Reverse 1, when the level of audio signal a becomes smaller, the shaded area 3
As a result, the area of 3 becomes larger, and an even more abstract image can be obtained than in the reception of general television broadcast waves.

In the above embodiment, the case where one television receiver is applied has been described as an example, but even if it is applied to a simple color monitor device that reproduces video and audio signals from a reproduction device such as a video tape recorder, it is not an abstract concept. Abstract images can be obtained using non-standard software.
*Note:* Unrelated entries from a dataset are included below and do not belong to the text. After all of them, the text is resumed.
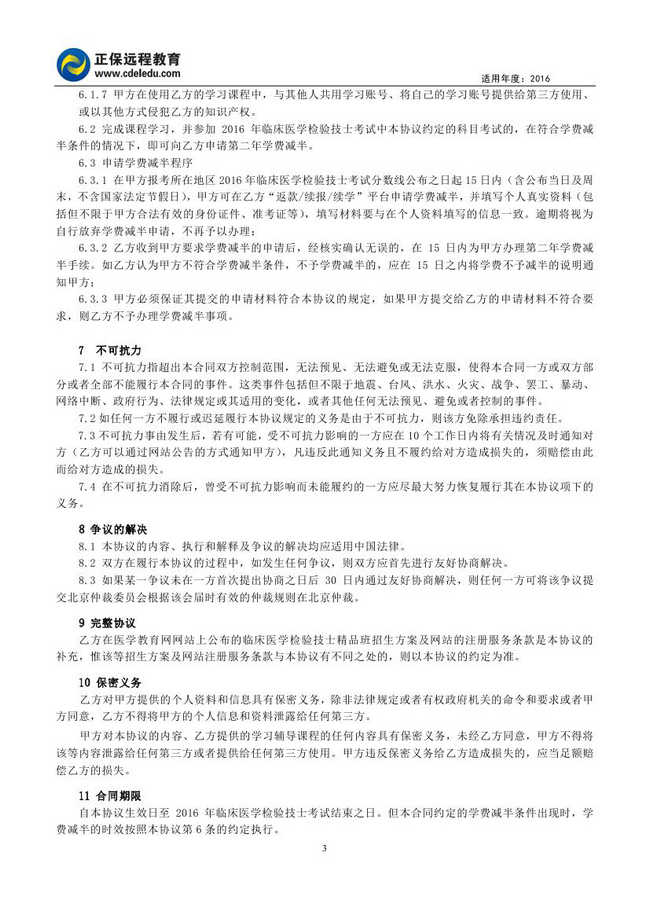 臨床醫(yī)學(xué)檢驗(yàn)技士考試“精品班”協(xié)議書
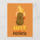 Vergnügen Cartoon braune Kartoffel mit einem großen glücklichen Lächeln, Punkte für Augen und Sticks für Arme. Er ist von heißen Flammen in Gelb und Orange umgeben. Unterhalb ihm in orange und gelb Text ist das Wort HOT und darunter, dass in braunem Text ist das Wort POTATO. Spaß beim Lachen.
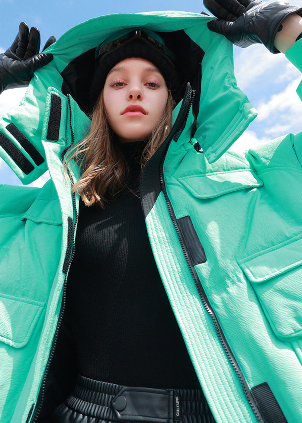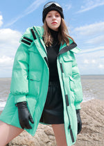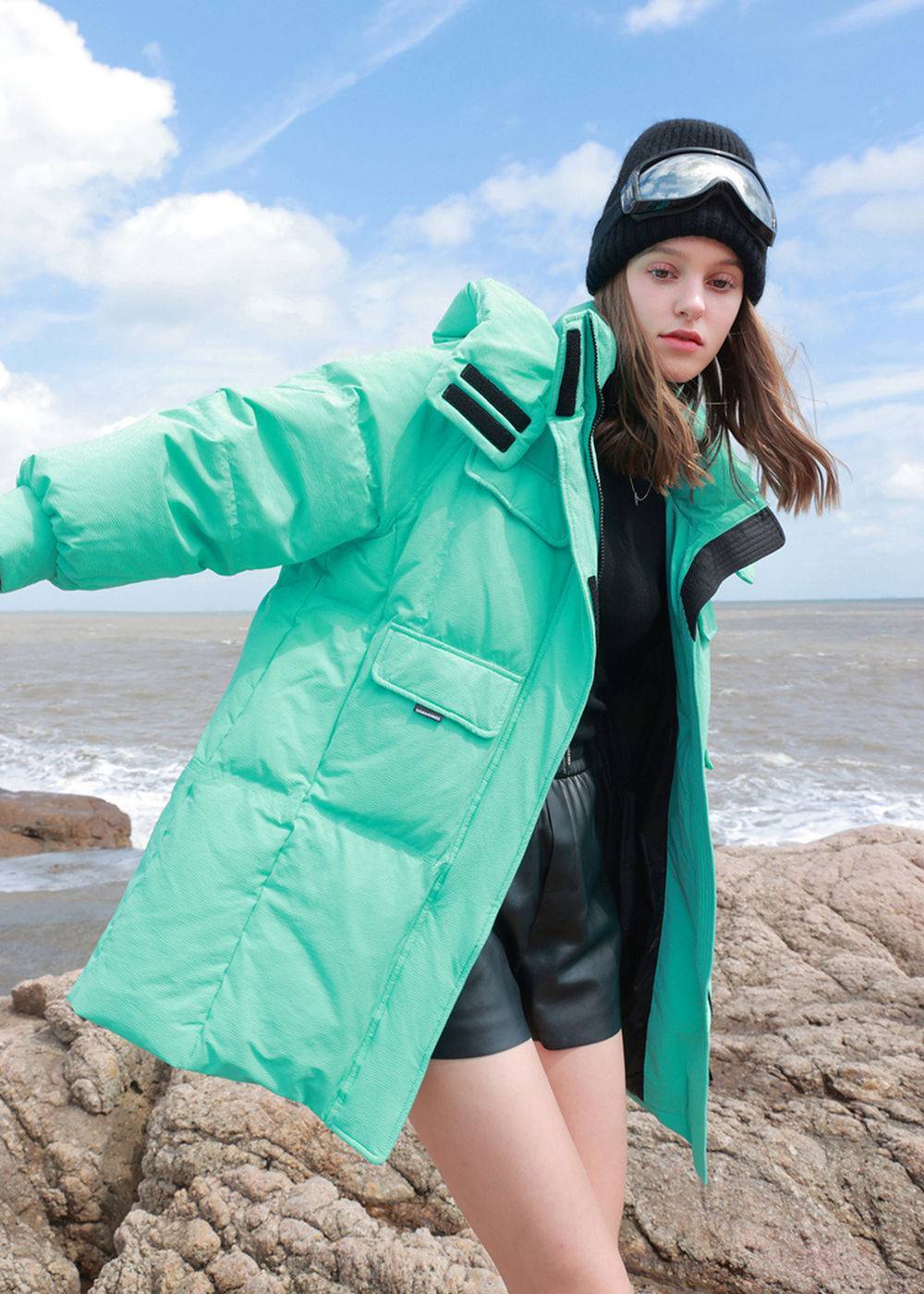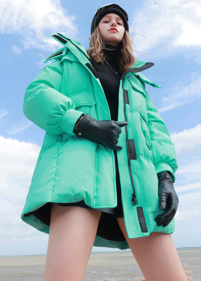 Embrace the chill in style with this hooded, green down puffer coat for women! It's perfect for braving the elements in fashionable warmth. No need to sacrifice looking great for comfort—this coat has both! #hotstuff 🔥
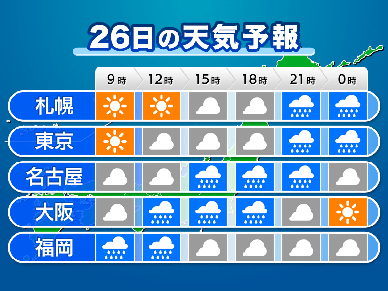 低気圧や前線が今日26日(火)午前中〜明日27日(水)明け方にかけて日本列島を通過し、全国的に雨が降り風も強まります。
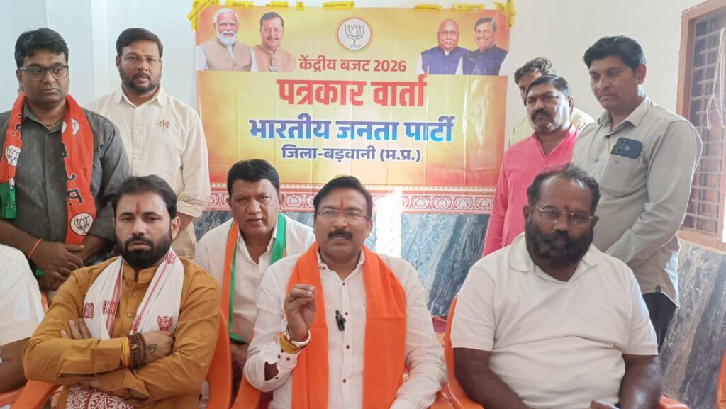 बड़वानी( नरेन्द्र गुप्ता):- खरगौन-बड़वानी लोकसभा सांसद गजेंद्र सिंह पटेल ने जिला अध्यक्ष अजय यादव की अध्यक्षता में केंद्रीय बजट 2026-27 को लेकर रविवार को राजपुर विधानसभा के शिखरधाम नांगलवाड़ी में पत्रकार- वार्ता को संबोधित किया। इस दौरान भाजपा जिला अध्यक्ष अजय यादव, अजय कानूनगो, छोटू चौधरी, धीरेंद्र सिंह दरबार, दिनेश यादव जिला मीडिया प्रभारी सुनील भावसार, मण्डल अध्यक्ष शशिकांत साहू, शैलेन्द्र भंडारकर, जि.प. सदस्य दरबार डावर विशेष रूप से उपस्थित रहे।
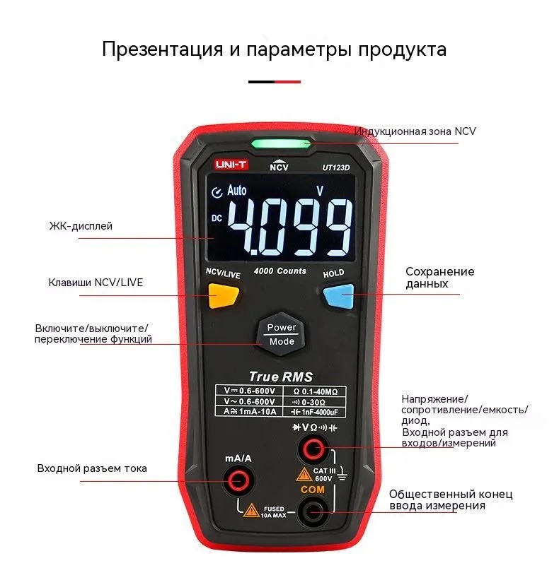 - Автоматическая идентификация входного сигнала (напряжение, сопротивление, ток)
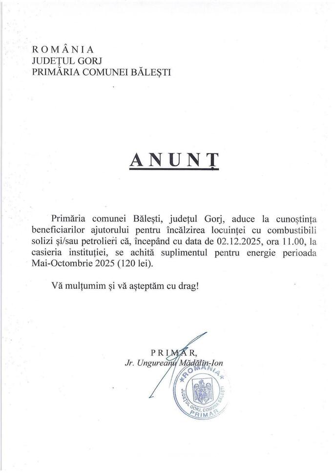 Primăria Comunei Bălești a emis un anunț important destinat locuitorilor care beneficiază de ajutor pentru încălzirea locuinței cu combustibili solizi și/sau petrolieri.
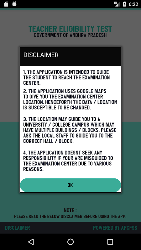 2. The application uses Google Maps to give you the examination center location. Henceforth the data / location is susceptible to be changed.
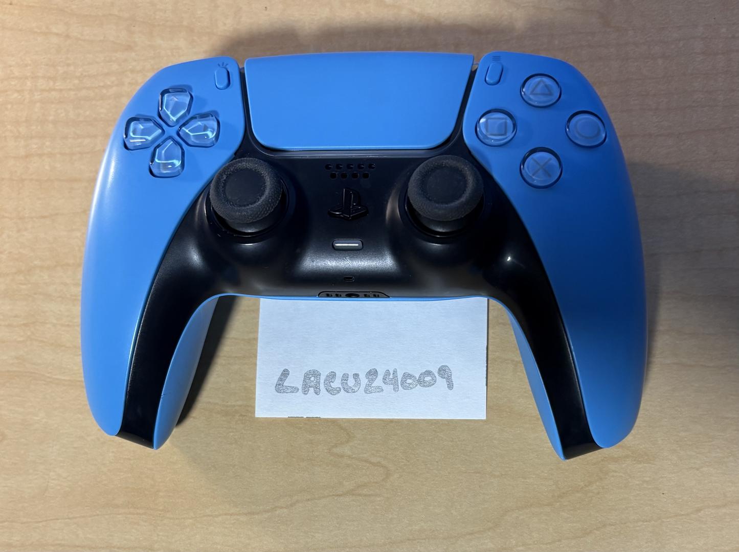 Used Blue DualSense controller in very good condition. Completely disassembled, inspected for damage and cleaned with NEW TMR 'Drift-Free' magnetic stick modules and stick caps installed. Re-assembled and re-calibrated to factory specs. Extensively playtested (minimum of 10 hours) to ensure proper functionality. Upgrade your gaming experience with an affordable controller that will outlast and out-perform the standard DualSense!!
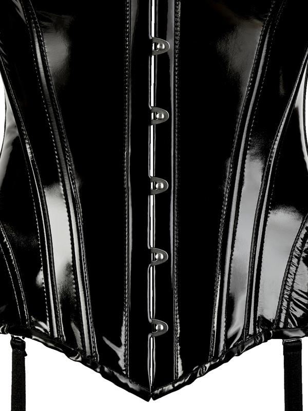 Corpetto elegante e sexy in vinile 6 bretelle regolabili e rimovibili Chiusura con gancio sul davanti Allacciatura sul retro Ossa modellanti integrate Un capo di abbigliamento nero brillante per donne sicure! Questo corpetto sexy è realizzato in vinile nero e attira davvero l'attenzione erotica. Le curve sono enfatizzate in modo sexy perché il corpetto è più lungo del solito e ha anche un materiale che copre anche i fianchi. Le ossa modellanti integrate conferiscono a chi lo indossa una silhouette estremamente sexy, l'allacciatura decorativa sulla schiena completa perfettamente il look. La chiusura a gancio nella parte anteriore consente di aprire e chiudere il corpetto molto facilmente. Le 6 bretelle sono regolabili e rimovibili. 100% poliestere, rivestimento in poliuretano. Senza perizoma e calze.
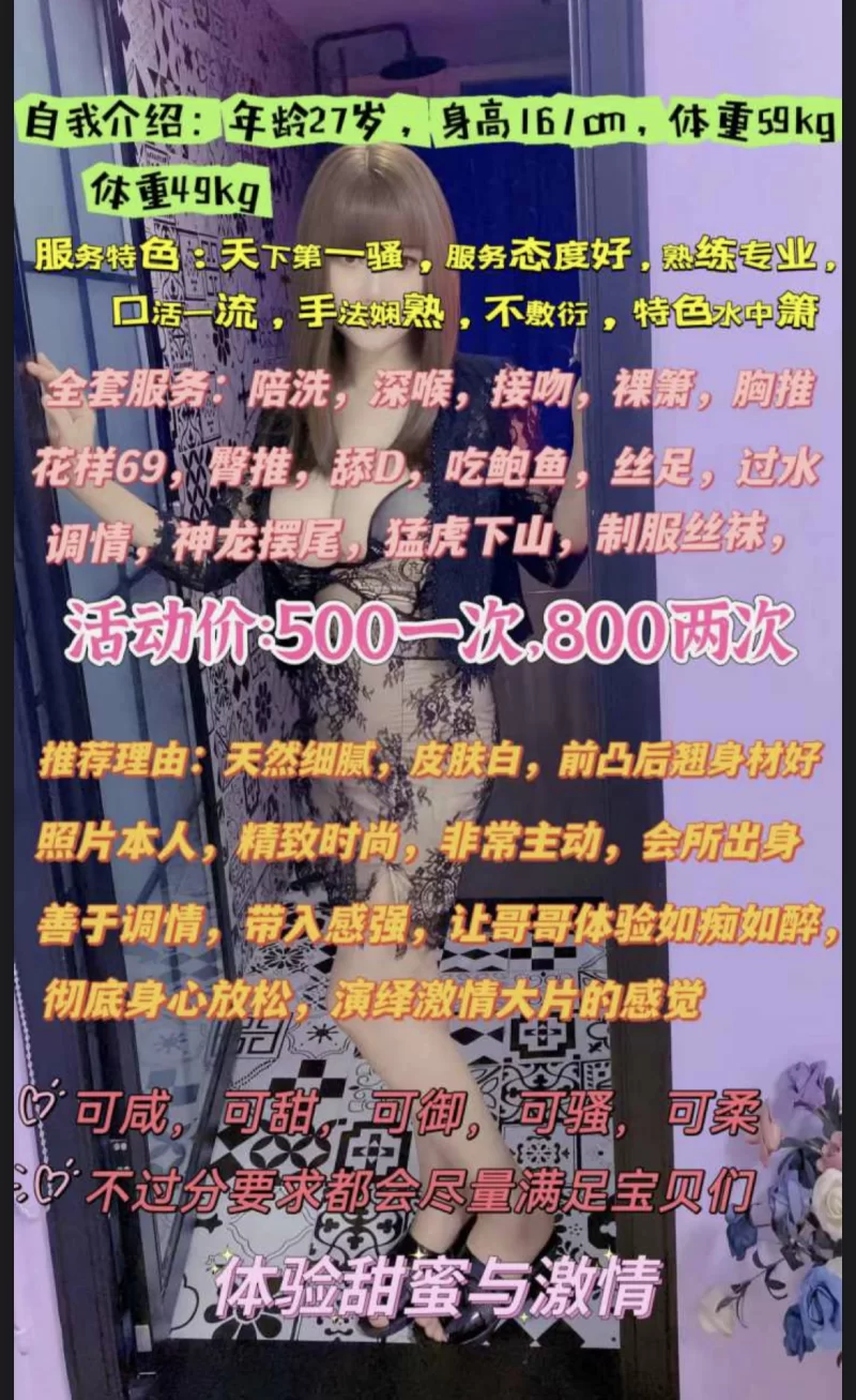 妹纸的服务真的是超给力的。她开始发功了,主动的跟我接吻,我操,这个真的是被爽到了,全身被电击,有点受不了。她很有性爱经验,各种挑逗,让你招架不住。 基本的服务都能做,尺度相当棒了。口活不叫停绝对的不停,下面完全就是小水b的节奏, 次次插到底,啪啪啪特过瘾,她还高潮了好几波,感觉身体都被这货给掏空了。

Effects of the Invention As described above, according to the present invention, a first sawtooth wave signal synchronized with one horizontal synchronization signal of an input video signal and a second sawtooth wave signal synchronized with one vertical synchronization signal are generated. a sawtooth wave signal generating means; a control voltage generating circuit that generates a control voltage that changes depending on the level of the input audio signal; a plurality of comparators for comparing the second sawtooth wave signal and the control voltage; a synthesizing means for synthesizing the output signals of the respective comparators to obtain a horizontal and vertical blanking pulse; In order to control the image sampling means with the output of each comparator according to the level of the input audio signal, the cathode ray tube The displayed image is not a faithful reproduction screen of the input video signal,
An image that looks like a cropped portion of the faithful playback screen is obtained, and the size of the crop changes depending on the level of the input audio signal, so the content of the input video signal on the CRT screen is an abstract image. At the very least, it becomes an abstract image.

Therefore, since abstract images can be obtained using general broadcast radio waves and video software, there is no need to prepare special video software as in the past, and television receivers and color monitor devices can be used as part of the living environment. Use it as E
This is useful.

[Brief explanation of the drawing]

FIG. 1 is an overall block diagram of an embodiment of a video signal processing device of the present invention, and FIG. 2 is a circuit diagram of a main part of the device. FIG. 3 is an explanatory diagram of the main waveforms and display screen of the device. 4... Video signal processing circuit, 5... Output amplification circuit, 6
. . . Braun tube, 7 . . . Audio detection section, 12 .
...Comparator, 18...Synthesizing means, ■,...Video signal [input video signal], a...Audio signal [input audio signal], HS...Horizontal synchronization signal, ■,... - Vertical synchronization signal, St - St... 1st. a second sawtooth signal,
Y,...Horizontal/vertical blanking pulse.

Claims (1)

[Claims] 1. sawtooth wave signal generation means for generating a first sawtooth wave signal synchronized with the horizontal synchronization signal of the input video signal and a second sawtooth wave signal synchronized with the vertical synchronization signal; a control voltage generation circuit that generates a control voltage that changes accordingly; a plurality of comparators that compare the first and second sawtooth wave signals with the control voltage; and a signal that synthesizes the output signals of each of the comparators. 1. A video signal processing device comprising: a combining means for obtaining horizontal and vertical blanking pulses using the horizontal and vertical blanking pulses; and a video extracting means for blanking the video processing output of an input video signal using the horizontal and vertical blanking pulses and supplying the blanked image to a cathode ray tube.